[INPUT DATA]
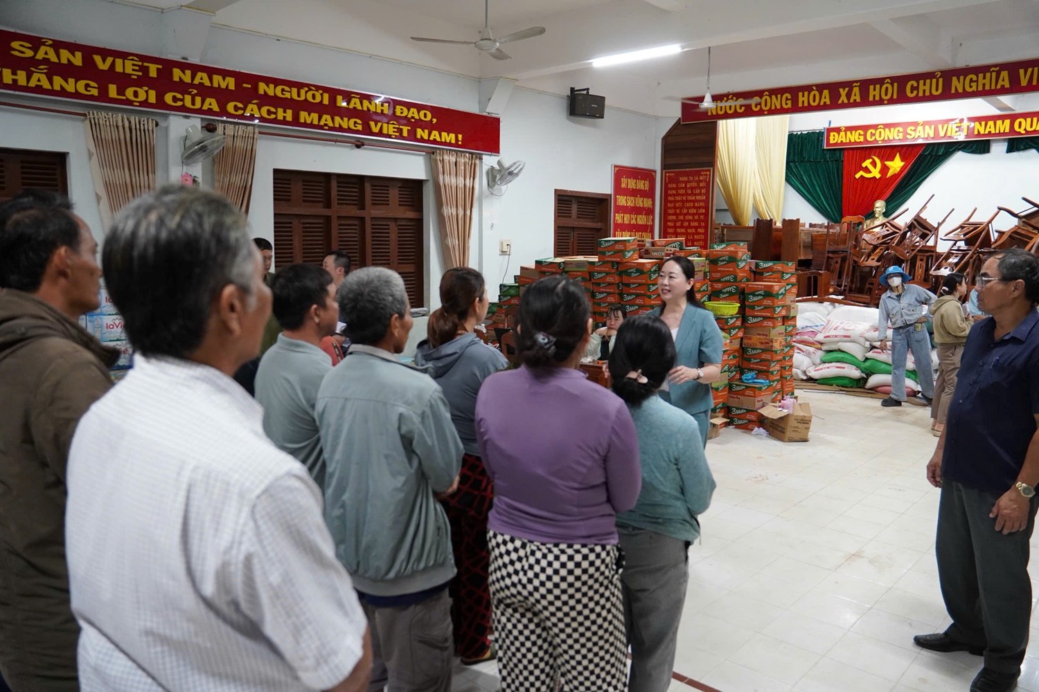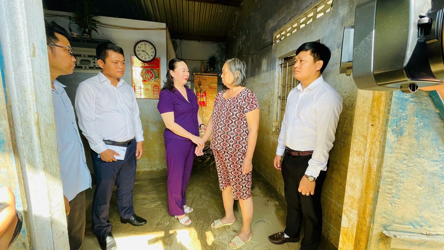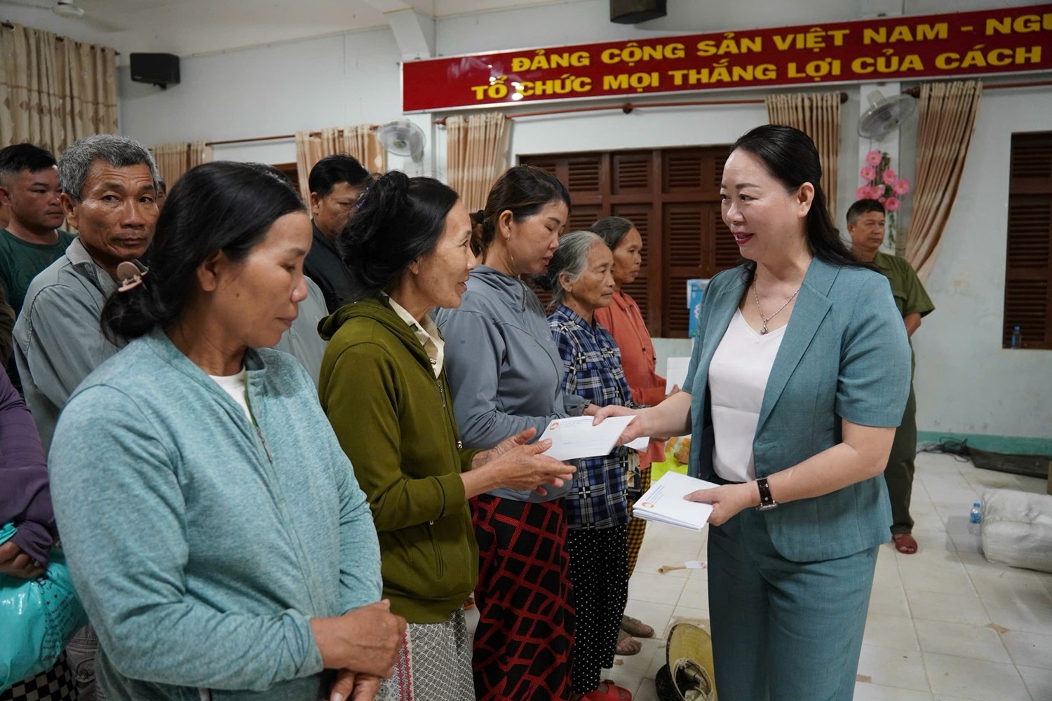 Bà Nguyễn Thị Ái Vân trao nhiều phần quà hỗ trợ và động viên tinh thần các hộ gia đình bị ảnh hưởng do bão lũ
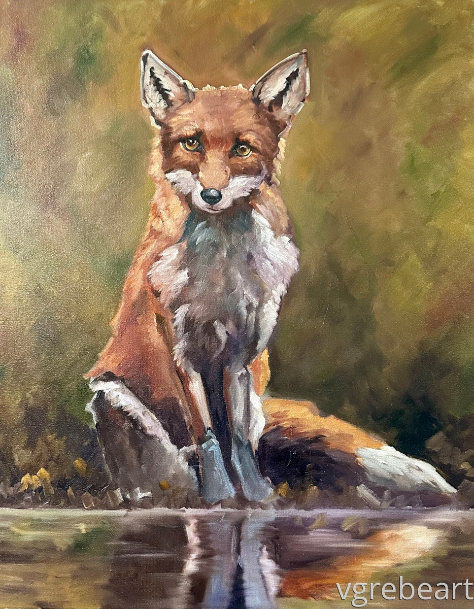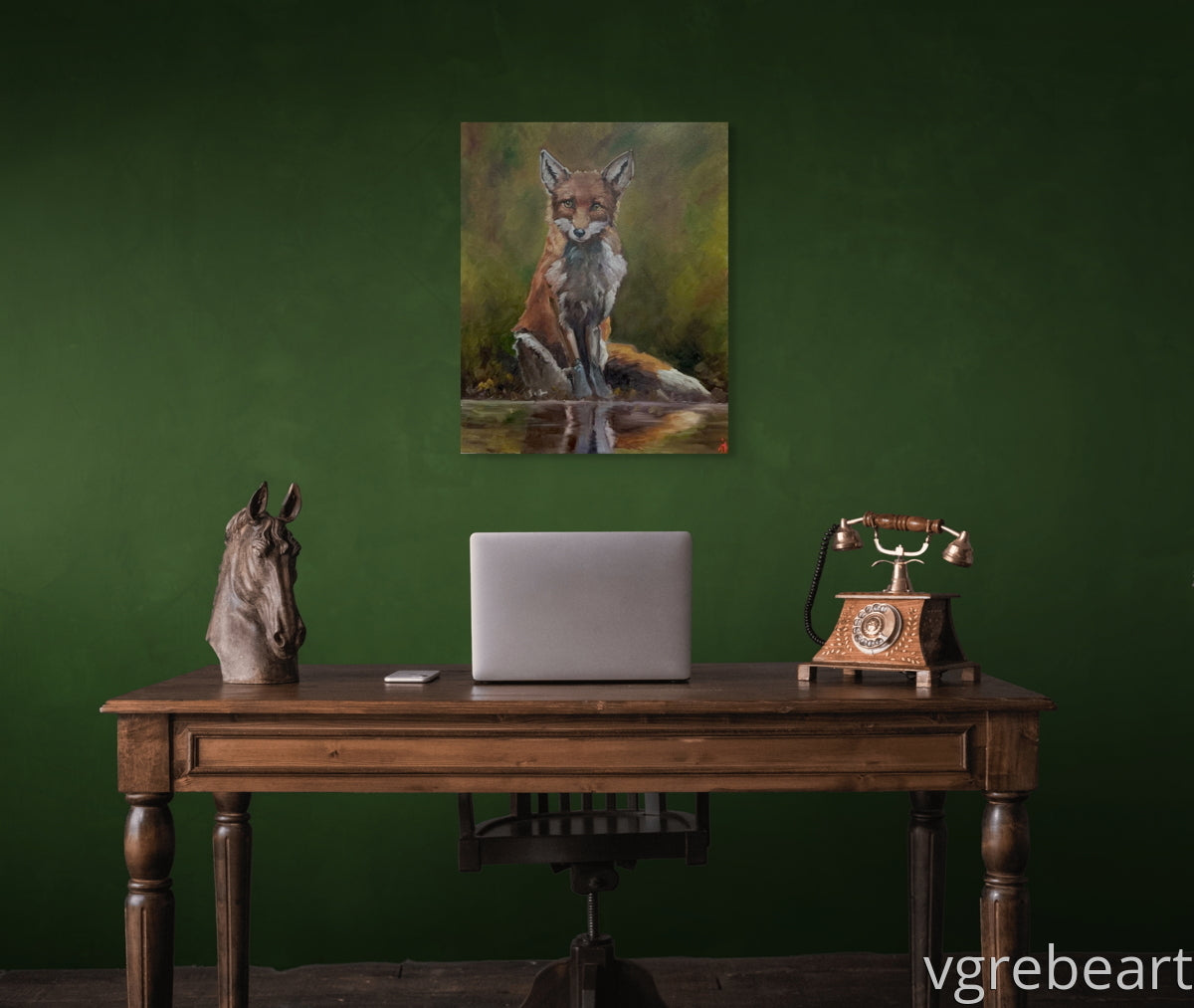 The sweetest little fox pausing by a still pool of water, lost in thought for a moment perhaps?
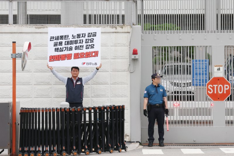 (서울=뉴스1) 신윤하 기자 = 전국민주노동조합총연맹(민주노총)이 미국 조지아주(州) 한국 배터리 공장 건설 현장에서 한국인 근로자 300여 명이 체포·구금됐던 사건과 관련해 주한미대사관 앞 1인 시위에 나섰다.
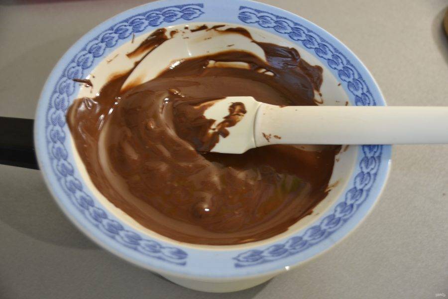 Подготовьте водяную баню для растапливания шоколада, измельчите шоколад, следите за тем, чтобы вода не доставала до дна миски с шоколадом.
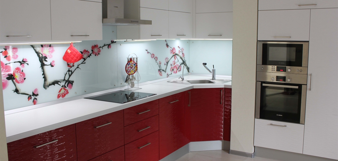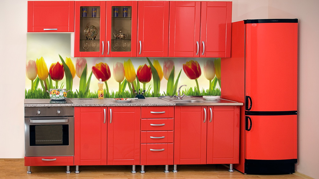 Useful advice! When dismantling the old tile cladding and laying the kitchen panels on the apron, usually the hanging cabinets are removed. If you want to show the decor at the working surface in all its glory, it is recommended to correct the bottom line of the hinged shelves and cabinets upon completion of installation.
[/INPUT DATA]
Quote, exactly and only, the lines from the first line of the data above through the line containing "Подготовьте водяную баню". The pictures do not belong in it.

* [SOLUTION]
 Bà Nguyễn Thị Ái Vân trao nhiều phần quà hỗ trợ và động viên tinh thần các hộ gia đình bị ảnh hưởng do bão lũ
 The sweetest little fox pausing by a still pool of water, lost in thought for a moment perhaps?
 (서울=뉴스1) 신윤하 기자 = 전국민주노동조합총연맹(민주노총)이 미국 조지아주(州) 한국 배터리 공장 건설 현장에서 한국인 근로자 300여 명이 체포·구금됐던 사건과 관련해 주한미대사관 앞 1인 시위에 나섰다.
 Подготовьте водяную баню для растапливания шоколада, измельчите шоколад, следите за тем, чтобы вода не доставала до дна миски с шоколадом.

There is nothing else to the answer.